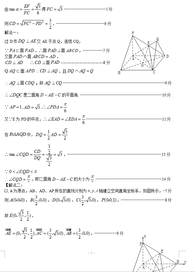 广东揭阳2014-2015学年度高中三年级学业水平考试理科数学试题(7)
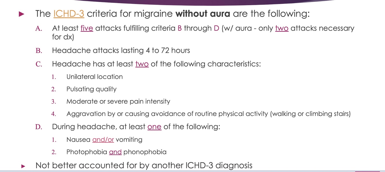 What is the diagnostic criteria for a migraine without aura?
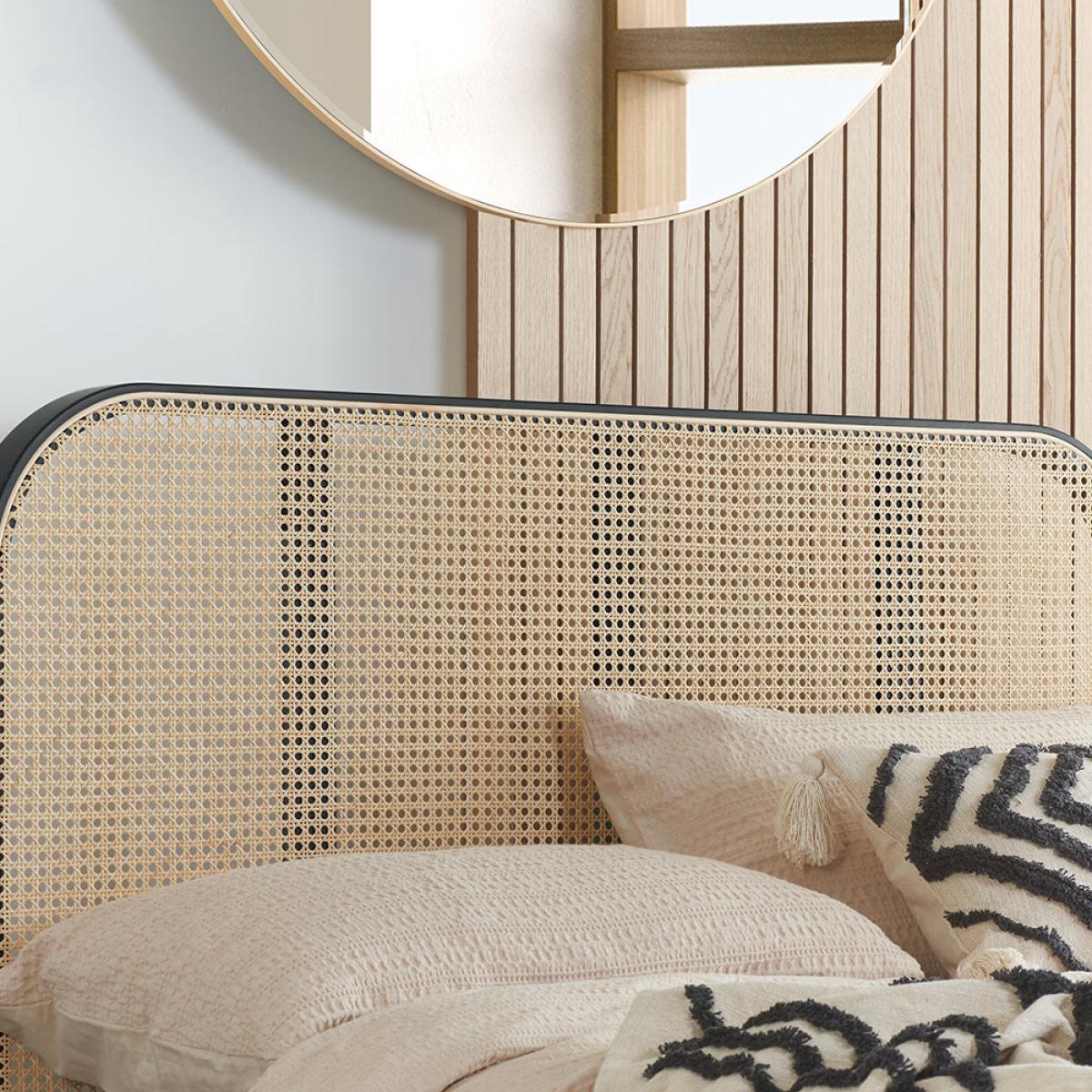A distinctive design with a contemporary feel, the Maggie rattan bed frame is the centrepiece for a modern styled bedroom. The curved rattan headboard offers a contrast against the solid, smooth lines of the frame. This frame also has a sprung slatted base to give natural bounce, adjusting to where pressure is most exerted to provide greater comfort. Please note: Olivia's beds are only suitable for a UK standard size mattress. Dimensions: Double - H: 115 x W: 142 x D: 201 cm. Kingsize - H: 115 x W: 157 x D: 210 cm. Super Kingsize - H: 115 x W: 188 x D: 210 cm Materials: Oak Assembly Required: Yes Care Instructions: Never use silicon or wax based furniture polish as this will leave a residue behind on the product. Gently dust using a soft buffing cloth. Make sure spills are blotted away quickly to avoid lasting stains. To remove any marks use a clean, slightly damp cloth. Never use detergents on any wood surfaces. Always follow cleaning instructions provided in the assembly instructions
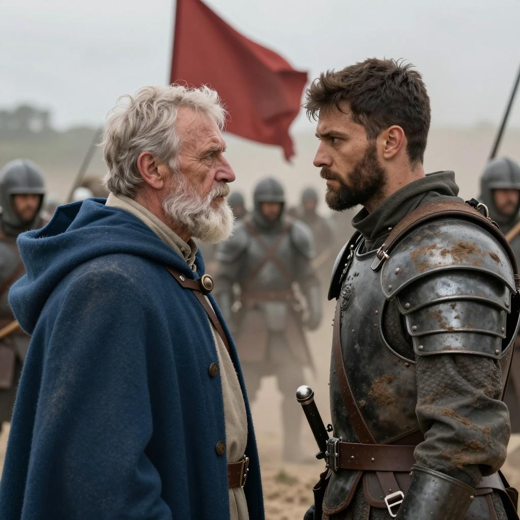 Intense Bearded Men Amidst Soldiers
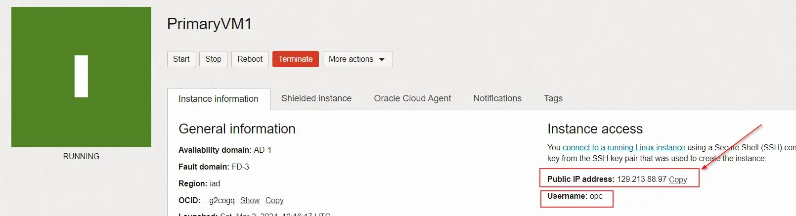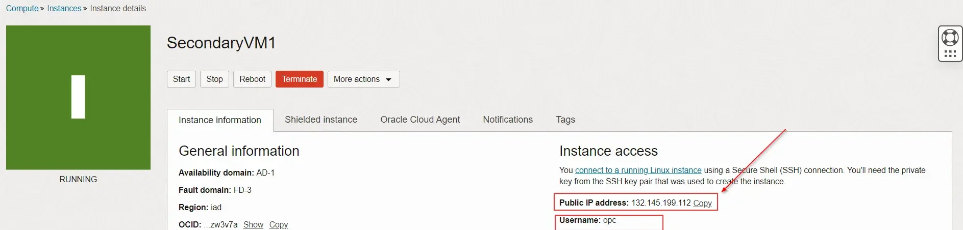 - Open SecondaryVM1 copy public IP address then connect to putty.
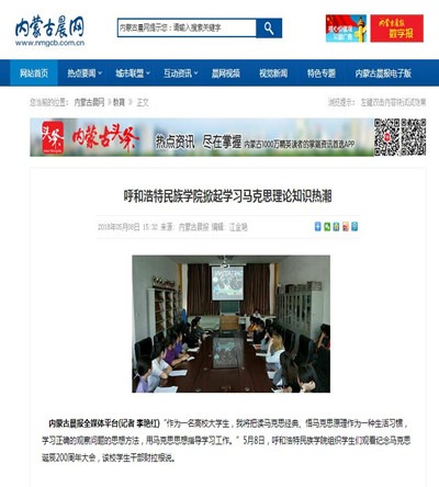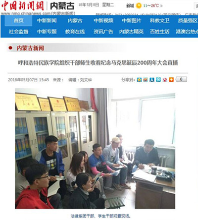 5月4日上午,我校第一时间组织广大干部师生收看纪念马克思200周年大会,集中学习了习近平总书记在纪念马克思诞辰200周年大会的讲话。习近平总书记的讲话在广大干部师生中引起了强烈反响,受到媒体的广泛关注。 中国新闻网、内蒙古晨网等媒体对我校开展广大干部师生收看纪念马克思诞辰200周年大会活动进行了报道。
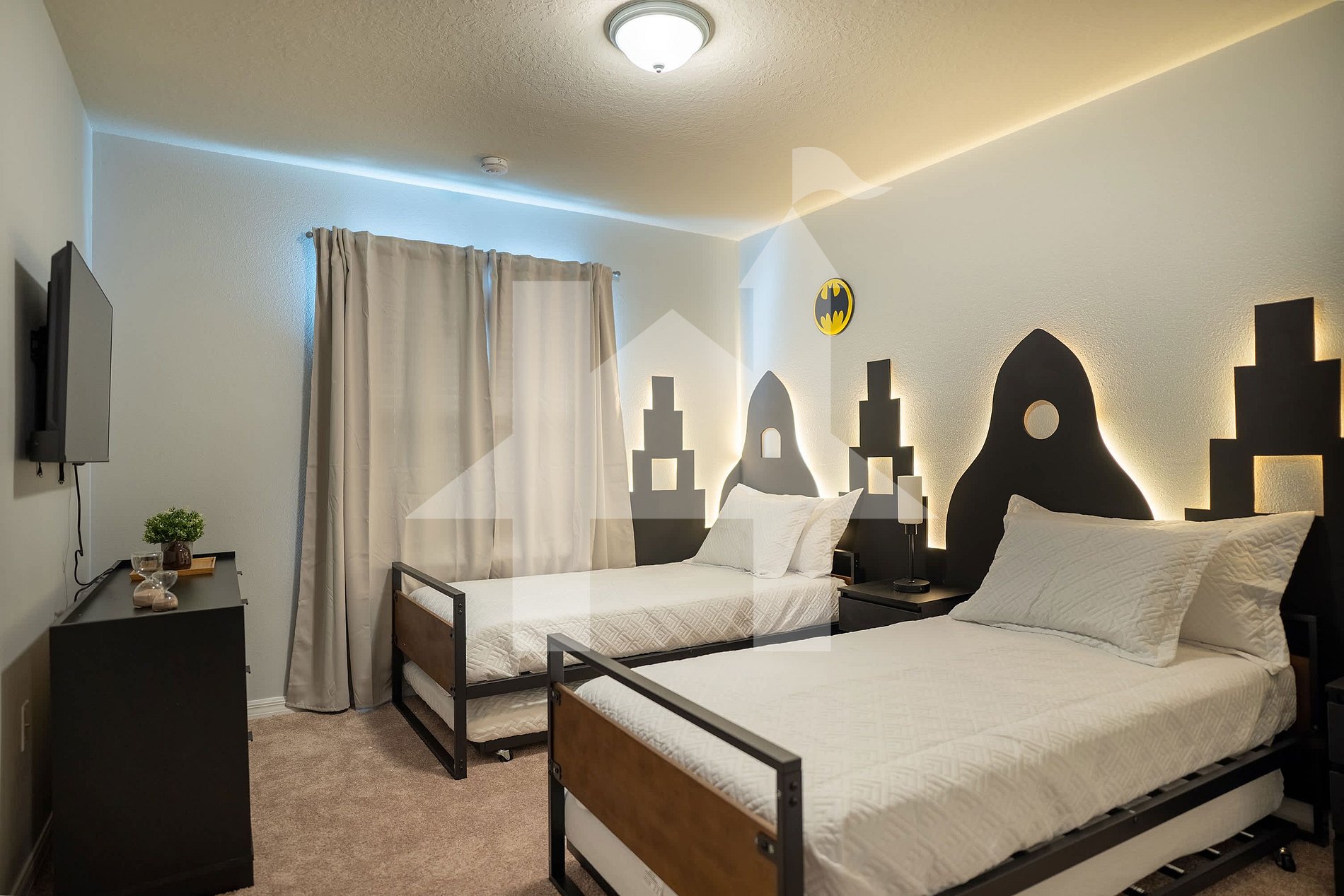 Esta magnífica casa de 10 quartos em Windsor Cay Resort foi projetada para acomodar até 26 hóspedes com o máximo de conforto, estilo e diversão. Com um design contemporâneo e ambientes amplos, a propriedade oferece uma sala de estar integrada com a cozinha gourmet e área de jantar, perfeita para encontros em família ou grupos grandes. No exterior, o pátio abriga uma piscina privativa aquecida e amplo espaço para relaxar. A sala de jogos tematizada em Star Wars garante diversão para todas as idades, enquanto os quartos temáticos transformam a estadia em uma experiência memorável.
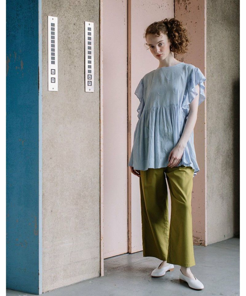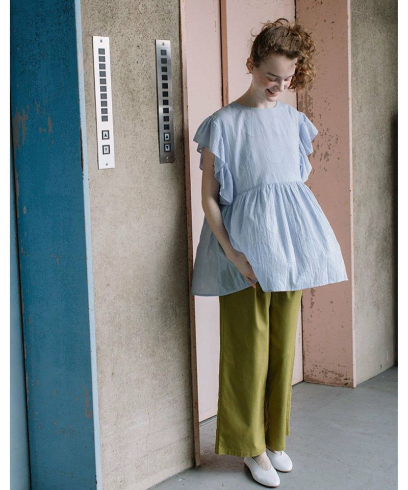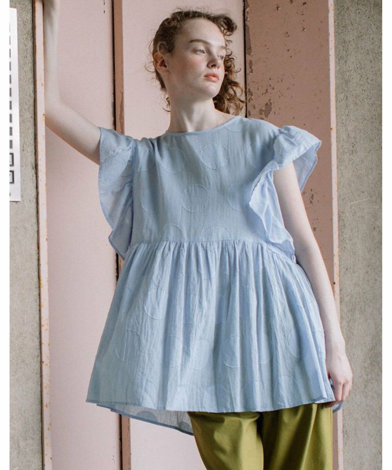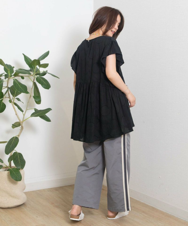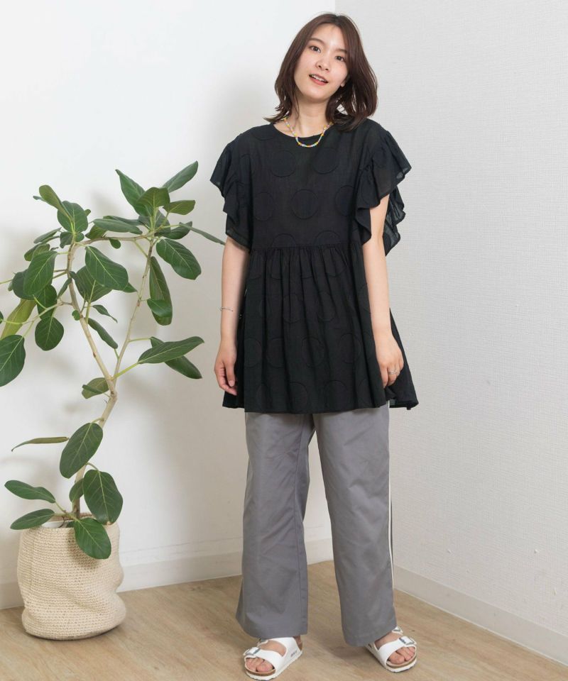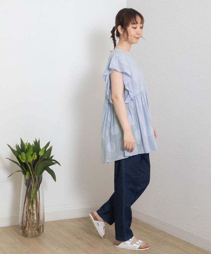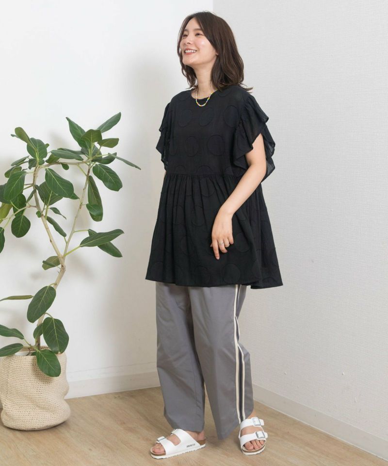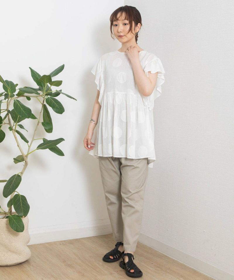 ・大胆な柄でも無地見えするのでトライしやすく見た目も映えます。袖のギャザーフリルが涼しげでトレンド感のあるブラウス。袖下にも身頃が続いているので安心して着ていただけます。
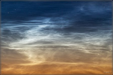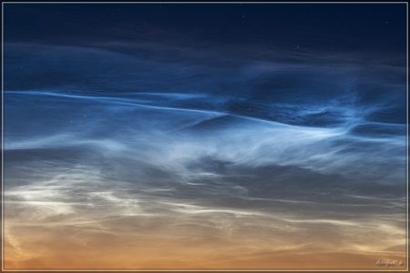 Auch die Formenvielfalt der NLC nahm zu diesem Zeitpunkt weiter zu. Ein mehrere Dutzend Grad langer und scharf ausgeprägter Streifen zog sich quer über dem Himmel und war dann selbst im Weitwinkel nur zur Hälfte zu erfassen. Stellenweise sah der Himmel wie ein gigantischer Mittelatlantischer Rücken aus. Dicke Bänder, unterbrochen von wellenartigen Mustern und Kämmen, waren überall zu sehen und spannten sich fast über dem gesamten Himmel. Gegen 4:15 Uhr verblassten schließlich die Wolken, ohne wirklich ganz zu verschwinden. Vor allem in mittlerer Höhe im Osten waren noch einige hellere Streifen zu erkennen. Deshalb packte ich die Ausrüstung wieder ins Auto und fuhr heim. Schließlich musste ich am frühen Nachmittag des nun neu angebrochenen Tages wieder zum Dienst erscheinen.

__TO DO__. Word for word, write out the lines from the top of the records above down to the line holding "What is the", inclusive, but not the pictures.

__FINISHED EXERCISE__.
 广东揭阳2014-2015学年度高中三年级学业水平考试理科数学试题(7)
 What is the diagnostic criteria for a migraine without aura?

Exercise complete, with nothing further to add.